Collected data
•••••
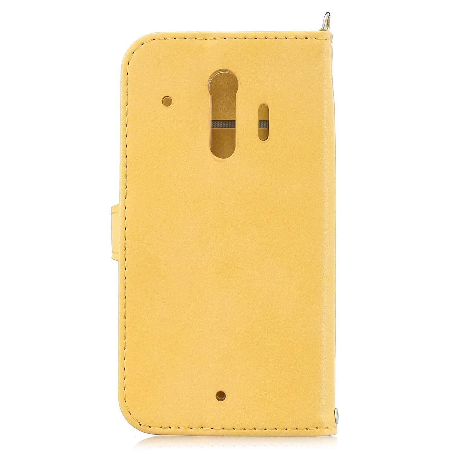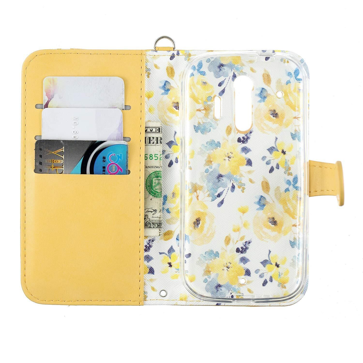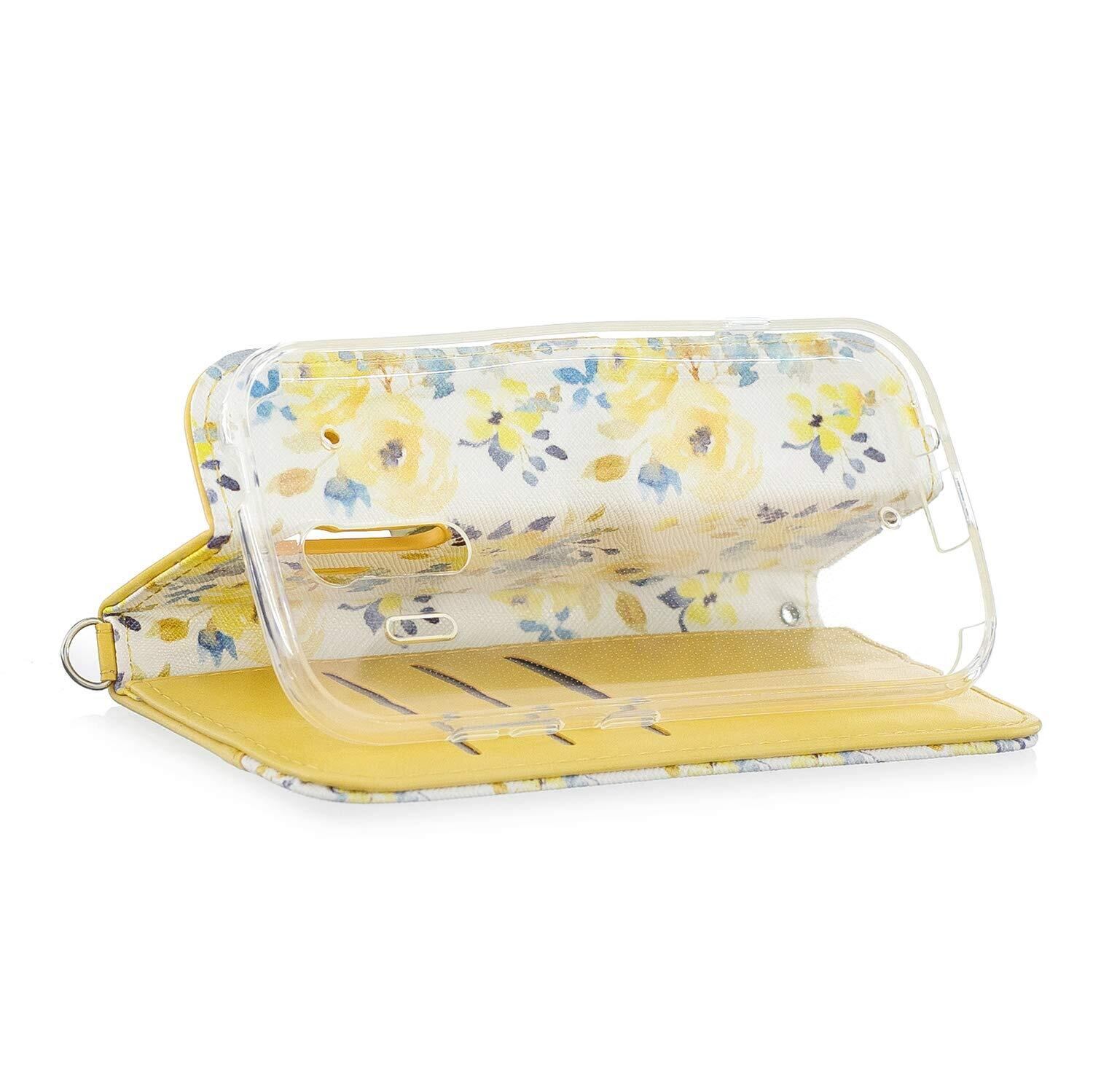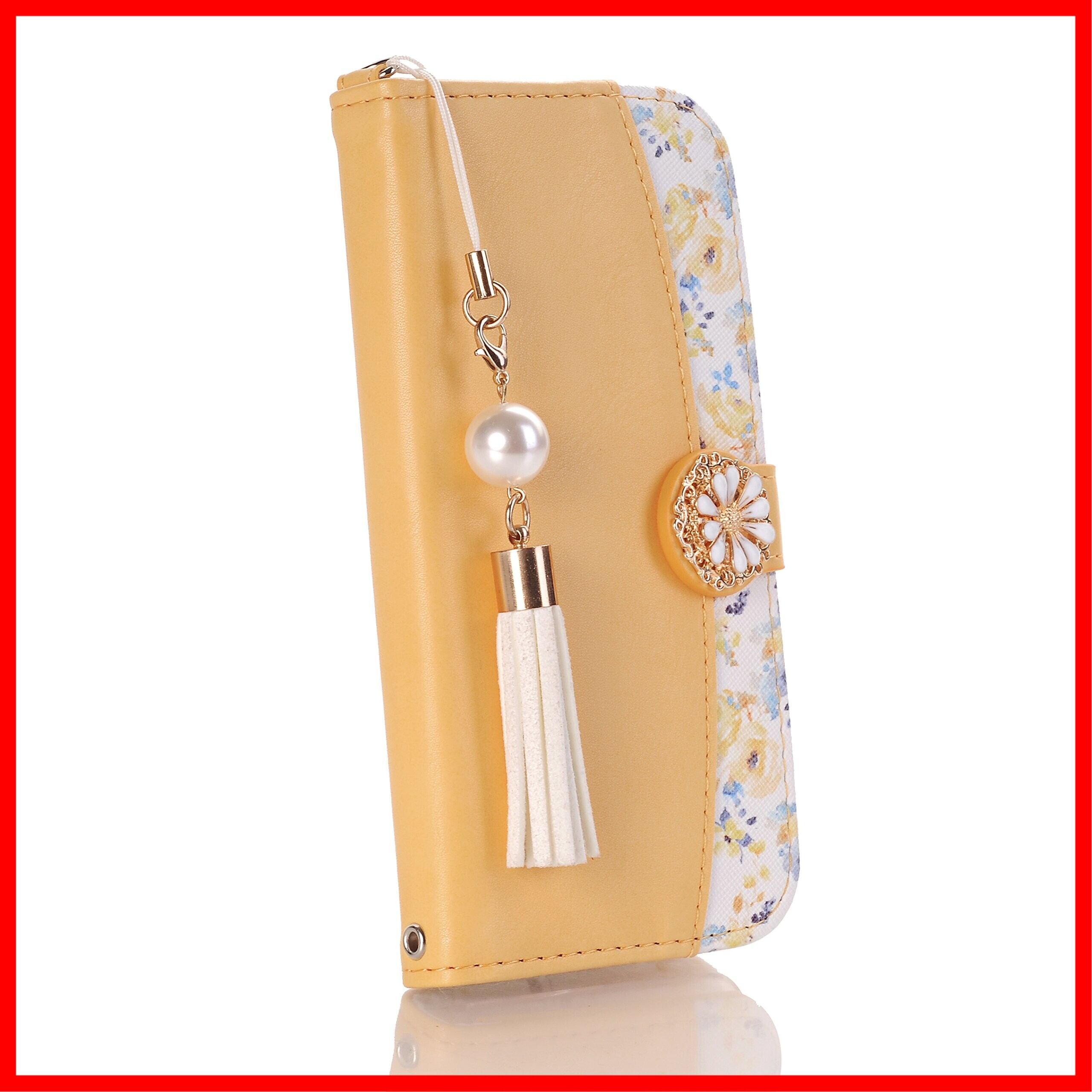 らくらくスマートフォン me F-01L ケース カバー 富士通 スマートフォン スマホケース 手帳型ケース かわいい花柄 スマホケース 可愛いタッセル ストラップ付き マグネット式 財布型 エレガント キラキラ 横置きスタンド機能付き カードポケット付き スマートフォンケース 耐衝撃 保護ケース 綺麗 少女 レディース用 おしゃれ 全面保護 (らくらくスマートフォン me F-01L, G5-黄色い)
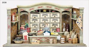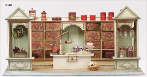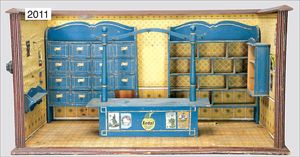 GOTTSCHALK Kaufladen, 73,5 cm breit, 37 cm hoch, alte Bemalung, Schubladen mit geschwungenen Blechschildern, Orig.-Theke, alte Wandtapete, reichhaltig Zubehör, 2 Dosen, Aufschrift: Erdbeerbonbons, Kaviar- und Fischdosen, handlackierter Wasserbehälter mit Becken, frühe Glasflaschen, Waage, Papierabroller, dazu Stubenpuppe, 15 cm, Biskuit-Kopf, -Arme u. -Beine, Stoffkörper
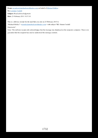 This is a delivery receipt for the mail that you sent on 25 February 2015 to
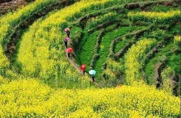 每当春暖花开时,置身于【江岭万亩梯田】中,黄灿灿的油菜花与远山、近水、粉墙、黛瓦相映成趣,构成一幅天人合一的画卷,黄灿灿的十万亩梯田油菜花,使江岭成为婺源春天的宠儿,同时这里也是全国最具视觉冲击力的油菜花观赏地。
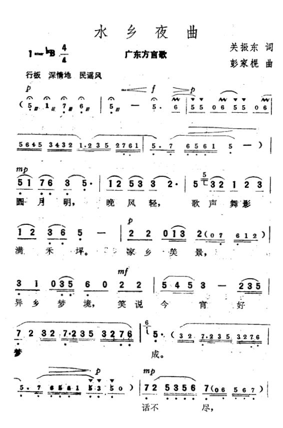 《水乡夜曲(广东方言歌)》简谱 彭家楻
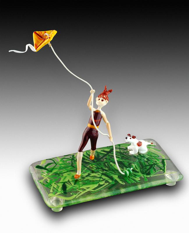 Vicki Schneider creates her collectible one-of-a-kind lampworked art by melting and manipulating solid rods of soda lime (aka "soft") glass in a propane and oxygen torch.
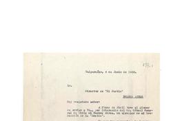 Valparaíso, Chile [al] Director del diario "El Pueblo" Carta, 1938 junio 6, [manuscrito] Egidio Poblete.
•••••
Every line above should be transcribed word for word; leave the pictures out.

 らくらくスマートフォン me F-01L ケース カバー 富士通 スマートフォン スマホケース 手帳型ケース かわいい花柄 スマホケース 可愛いタッセル ストラップ付き マグネット式 財布型 エレガント キラキラ 横置きスタンド機能付き カードポケット付き スマートフォンケース 耐衝撃 保護ケース 綺麗 少女 レディース用 おしゃれ 全面保護 (らくらくスマートフォン me F-01L, G5-黄色い)
 GOTTSCHALK Kaufladen, 73,5 cm breit, 37 cm hoch, alte Bemalung, Schubladen mit geschwungenen Blechschildern, Orig.-Theke, alte Wandtapete, reichhaltig Zubehör, 2 Dosen, Aufschrift: Erdbeerbonbons, Kaviar- und Fischdosen, handlackierter Wasserbehälter mit Becken, frühe Glasflaschen, Waage, Papierabroller, dazu Stubenpuppe, 15 cm, Biskuit-Kopf, -Arme u. -Beine, Stoffkörper
 This is a delivery receipt for the mail that you sent on 25 February 2015 to
 每当春暖花开时,置身于【江岭万亩梯田】中,黄灿灿的油菜花与远山、近水、粉墙、黛瓦相映成趣,构成一幅天人合一的画卷,黄灿灿的十万亩梯田油菜花,使江岭成为婺源春天的宠儿,同时这里也是全国最具视觉冲击力的油菜花观赏地。
 《水乡夜曲(广东方言歌)》简谱 彭家楻
 Vicki Schneider creates her collectible one-of-a-kind lampworked art by melting and manipulating solid rods of soda lime (aka "soft") glass in a propane and oxygen torch.
 Valparaíso, Chile [al] Director del diario "El Pueblo" Carta, 1938 junio 6, [manuscrito] Egidio Poblete.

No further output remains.